I accidently shit my pants. So I tried to throw my underwear in their lake, but they floated. So in the middle of the night, I got into the paddle boat and had to throw a rock on top of them so they would sink. Next time, I just won't shit myself.
Can you tell me we didn't drink from a fish bowl we found in the bathroom last night? I know it would be a lie; I just need to hear it.
apparently vodka and oj turns green when you throw it up
basic color theory
Dude, the chicks a procotolgy intern. Don't cheat on her. She knows where it hurts the most.
So last night I learned something new. Whenever I drink beer out of a bottle a random guy buys me another one.

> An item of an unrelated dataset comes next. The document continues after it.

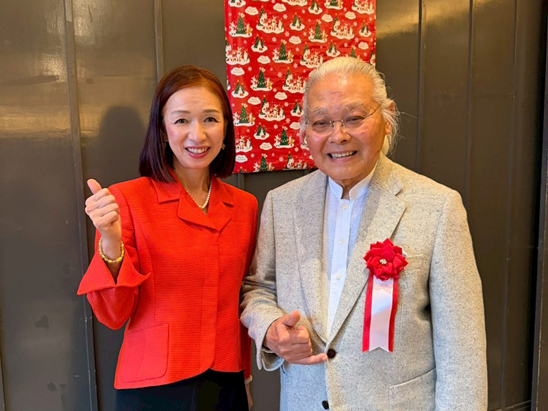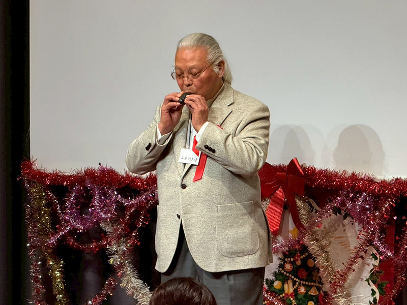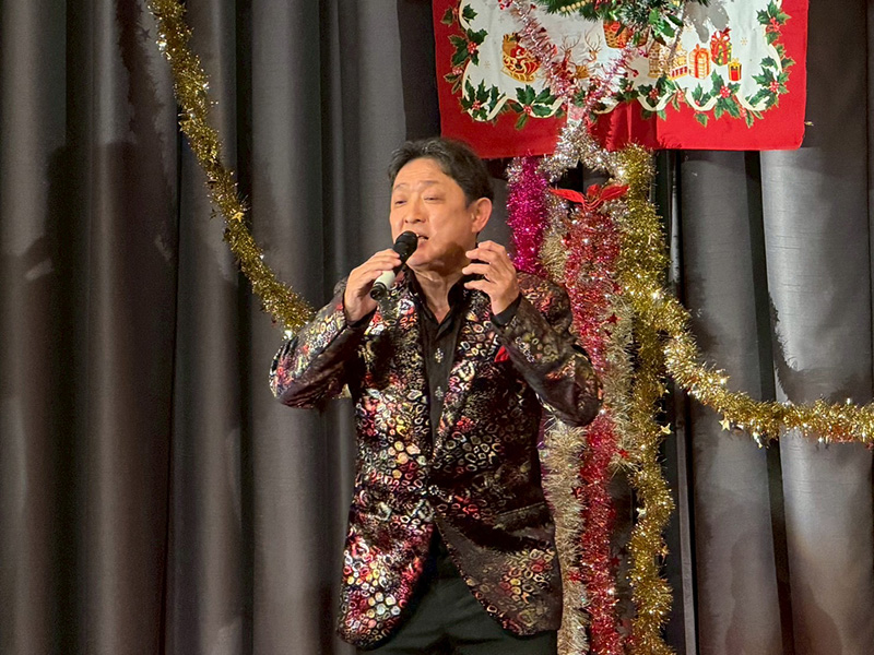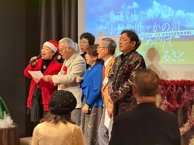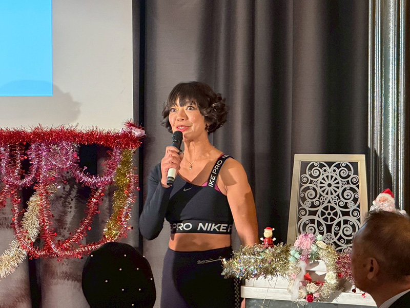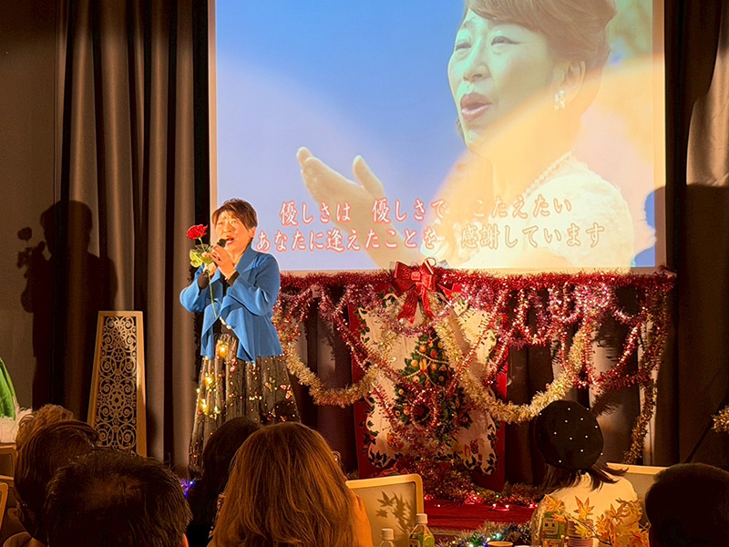 その後友情ゲスト出演として、健康増進パーソナルトレーナー なかおくみこ様に健康トレーニングについてご紹介いただきました。そして、クリスマスパーティーとして、コーラスグループ愛主催 奥眞理子様、ふれあい演歌歌手 野村真希様、歌手 草笛四郎様、演歌歌手 清水英彰様、河内音頭 平野郷三角様、プロマジシャン ジョン・道阪様ら6名の皆様にそれぞれのパフォーマンスをお楽しみいただきました。

It was like as soon as the glass hit my lips every guy in a 20ft radius got a hard on.
"Clean/organize my room day" turned into "Blast my old Jock Jams cds while getting high as fuck with a strobe light day"

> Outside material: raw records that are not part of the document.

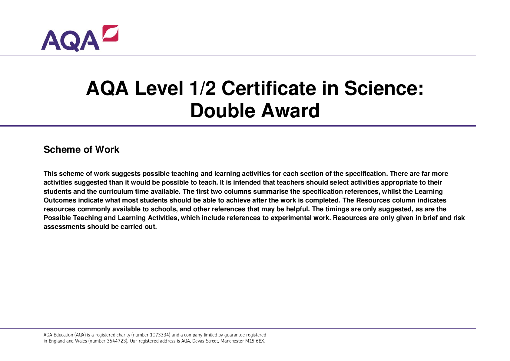 SCIENCE 101 > STUDY GUIDE > AQA Level 1/2 Certificate in Science: Double Award Study Guide (All)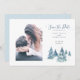 Dieses Foto Save the Date lädt zu einem Winterthema immergrünen Baumes mit blauen grünen Kiefern, die von Schnee bedeckt sind. Ideal für eine Weihnachtsfeier, eine Winterhochzeit oder eine Hochzeit in Urlaubsort in den Bergen, an Ihrem Lieblingsplatz im Wald. Vervollständigen Sie das Aussehen mit den vielen Optionen für Schreibwaren und Zubehör in diesem Thema. Basierend auf einer originalen Aquarellfarbe von © Lisa Audit Art, umgeben Sie sich mit herzerwärmender Kunst.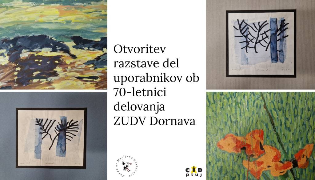 CID PtujZavod za usposabljanje, delo in varstvo dr. Marijana Borštnarja Dornava letos praznuje 70 let. Ob tem častitljivem jubileju so uporabniki Varstveno-delovnega centra Dornava, ki sodelujejo v likovni skupini pod mentorstvom Gregorja Samasturja, pripravili posebno razstavo svojih likovnih del.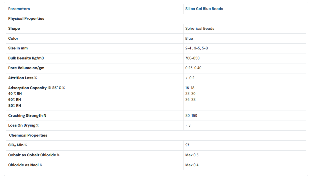 The granular gel can absorb up to 40% of its weight in water vapor. When it reaches approximately 8% of its weight in water, the crystals` color changes from blue to light pink. As the beads take up moisture, their color changes to light pink gradually. This blue silica gel is primarily used as an indicator for moisture absorption in sealed containers, particularly in industrial applications where it is supplied in small pouches or bulk quantities. The blue crystals are mainly used in breather transformer applications and are also supplied in bulk quantities. Sorbchem India is a reliable supplier and manufacturer of high-quality blue silica gel beads and crystals, ensuring favorable results and long-term use for food and pharmaceutical products packaging without any hazardous effects.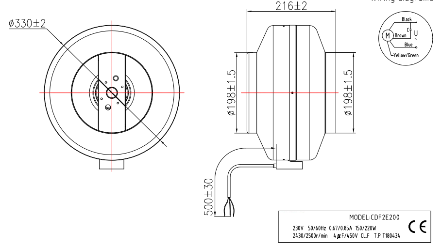 Схема подключения канального вентилятора Lionball CDF2E200: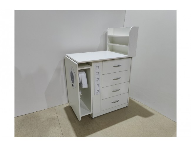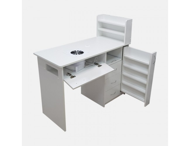Модель разработана для эффективной ежедневной работы мастера. Она оснащена просторной столешницей, удобными ящиками для хранения инструментов и расходных материалов, а также дополнительными полками для размещения необходимых рабочих средств. Такой стол отлично подойдет для салонов, которые ценят комфорт, функциональность и стильный внешний вид мебели.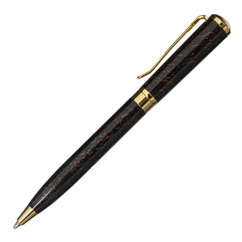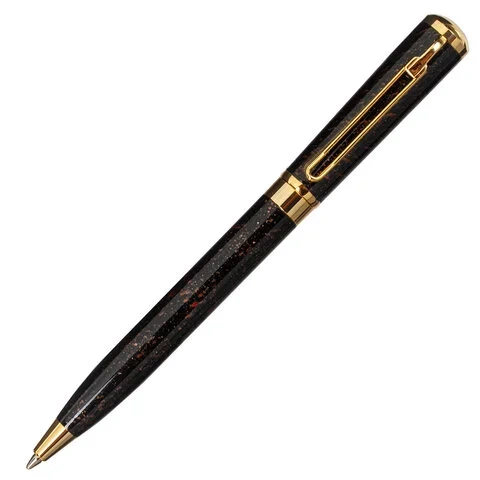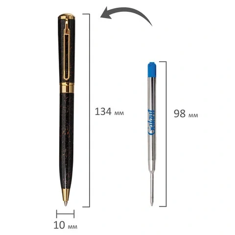 Утонченная модель ручки с корпусом из латуни темно-коричневого цвета и золотыми деталями прекрасно лежит в руке. Синий цвет чернил; длина стержня составляет 98 мм, а диаметр пишущего узла - 0,7 мм. Поставляется в индивидуальном подарочном футляре.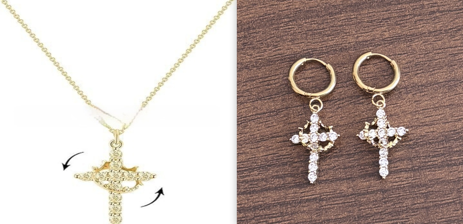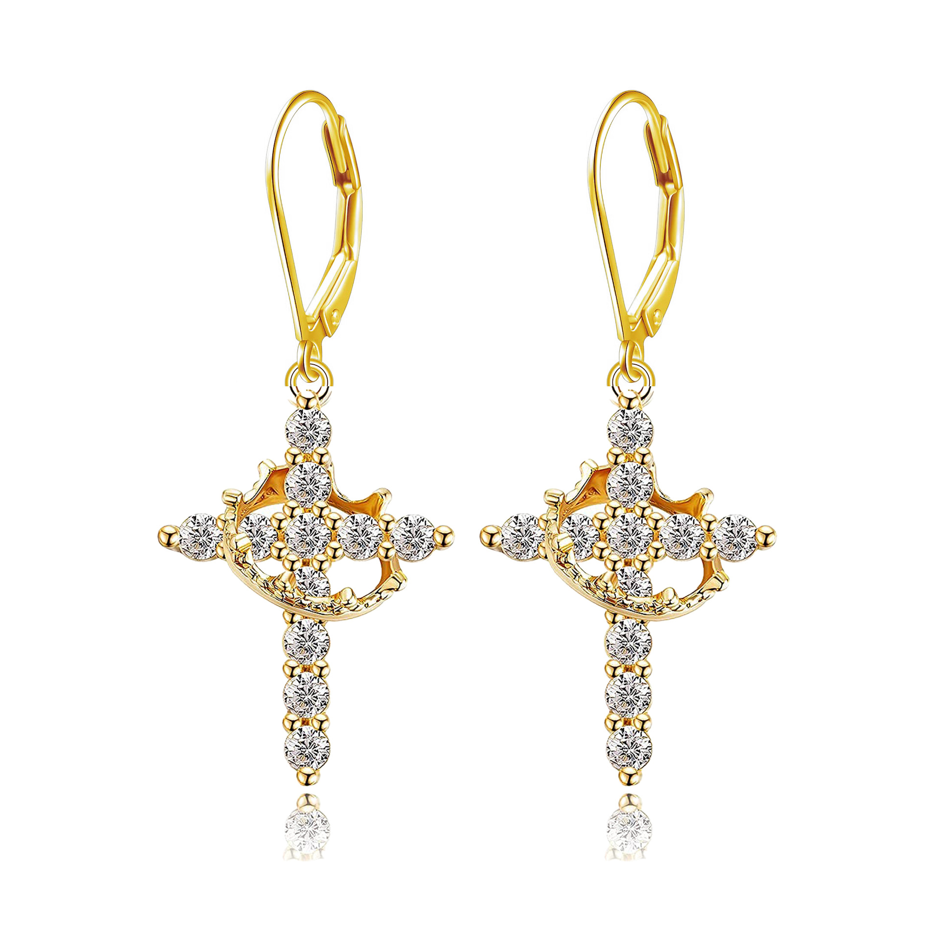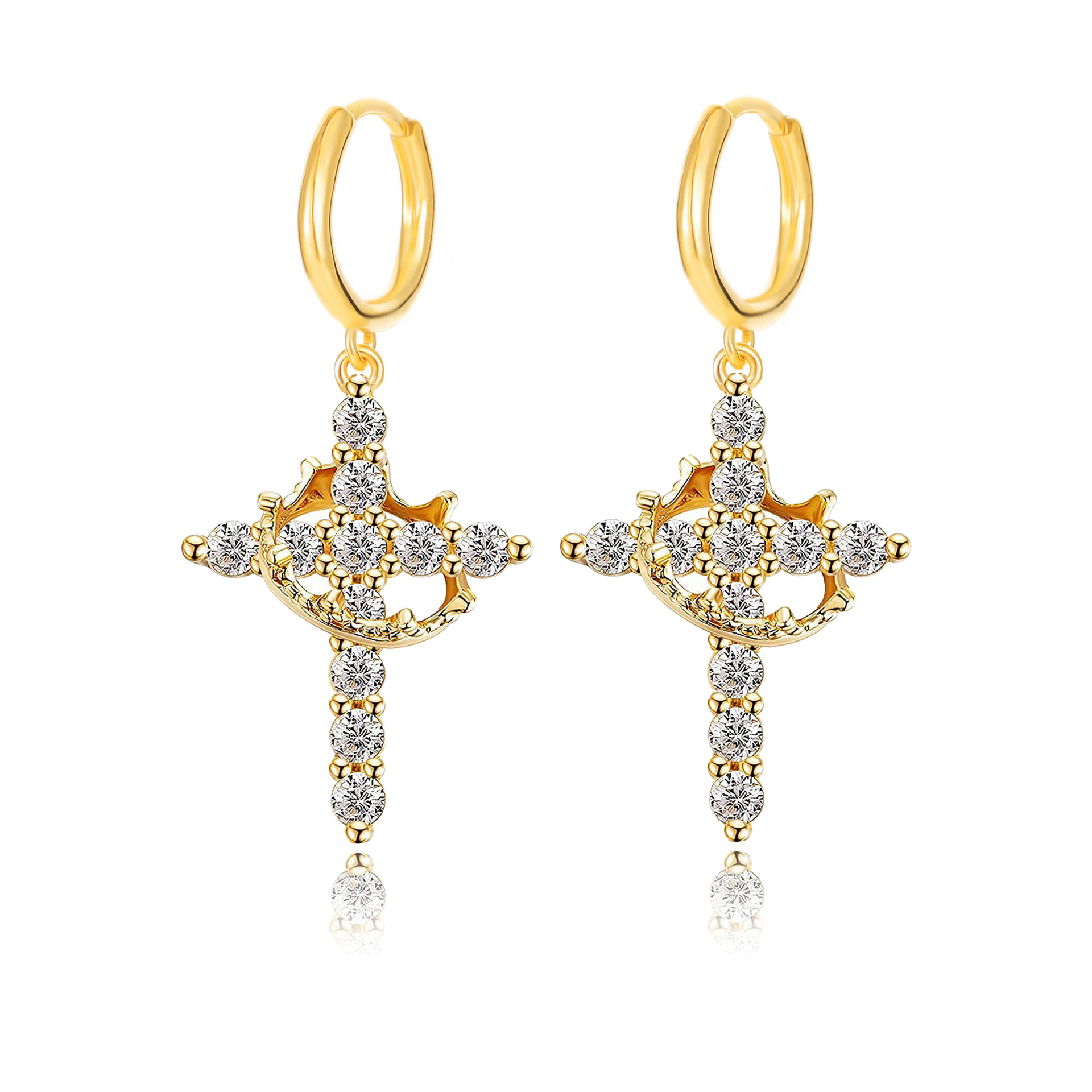 3A Zircon Crown Cross Movable Stainless Steel Ear Clip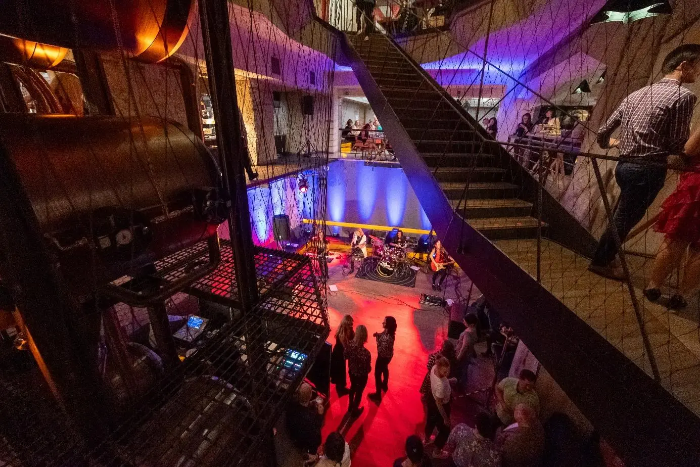 Červený Jelen je rozprostřen do tří pater unikátně propojených kubistickou „dírou“, která zajišťuje, že z každého místa je host zapojen do dění. Dominantou je nejvyšší pivní věž na světě z dvanácti tanků plzeňského piva, jež prostupuje všechny tři patra restaurace.

2nd year in a row being a arrested before school starts...tradition at its finest
This is going to be the time I got green body paint on Chris' ceiling all over again...
I'm gonna give the beer pong table a viking pyre funeral at the bon fire.

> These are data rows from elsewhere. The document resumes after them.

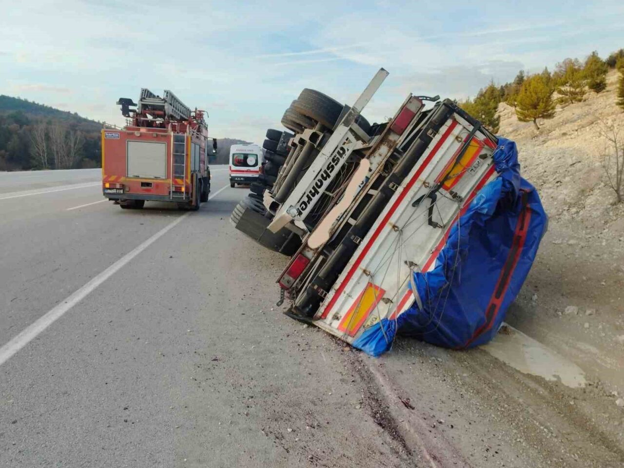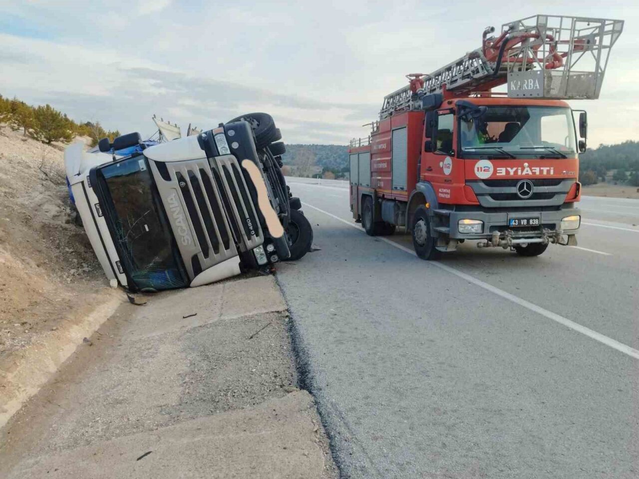 Kütahya’nın Altıntaş ilçesinde meydana gelen tır kazasında sürücü yaralandı.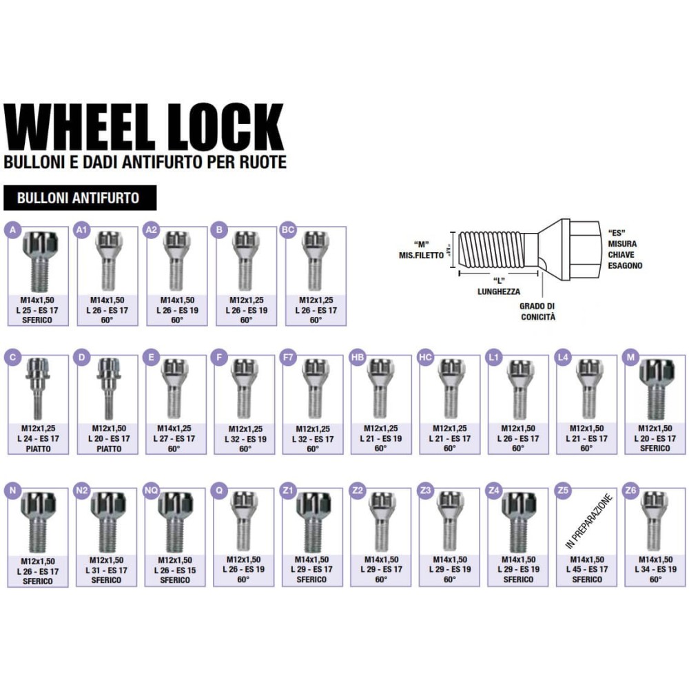 Kit 4 dadi antifurto ruote auto cerchi in lega M 14x1.50 22mm T21 60 gradi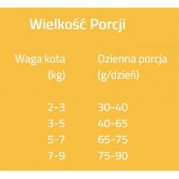 Karmę podawać na sucho lub zwilżoną letnią wodą. Zawsze upewnij się, czy Twój kot ma wystarczającą ilość świeżej wody pitnej. Należy zapewnić kotu stały dostęp do świeżej wody. Jeżeli dajesz karmę po raz pierwszy, zmieszaj ją z poprzednią karmą, aby ułatwić przejście na nową.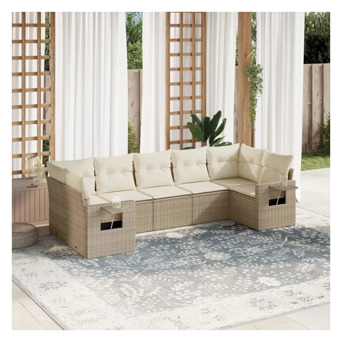Cet ensemble de canapés de jardin est le complément parfait de votre arrière-cour, terrasse ou patio, offrant un espace confortable et accueillant pour discuter avec la famille et les amis ou simplement se détendre et profiter de l'extérieur. Matériau durable : la résine tressée, également connue sous le nom de poly rotin, est un matériau synthétique solide et nécessitant peu d'entretien qui ressemble au rotin naturel. Il est léger, facile à nettoyer et couramment utilisé pour les meubles d'extérieur en raison de sa durabilité et de ses propriétés de résistance aux intempéries. Table d'appoint pratique : ce mobilier d'extérieur comprend des tables d'appoint pliables avec un ressort à gaz sur les accoudoirs, offrant des endroits pratiques pour garder vos essentiels à portée de main. Expérience d'assise confortable : ce mobilier d'extérieur, doté de coussins épais, offre une expérience d'assise confortable. Housse amovible et lavable : ces coussins de siège sont dotés de housses amovibles pour un lavage et un entretien faciles.Conception modulaire : cet ensemble de meubles d'extérieur a une conception modulaire, ce qui le rend complètement flexible et facile à déplacer, afin que vous puissiez créer un agencement de meubles d'extérieur personnalisé. Bon à savoir :Pour que vos meubles d'extérieur restent beaux, nous vous recommandons de les protéger avec une housse imperméable.

He had a step stool to get in to his bed!
this temple that is my body is starting to crumble and turn into ruins
You told him about your cats? I told his friend to put his dick in my mouth, and you talked about cats!?
but I'm still not sure how you became more and more fluent in Spanish the drunker you got
We peed on a building I think...like a building in downtown...not out of view of anyone.
I tried to breakup with him by telling I had a threesome. He one upped me by saying he had a 5-some so I couldn’t do it.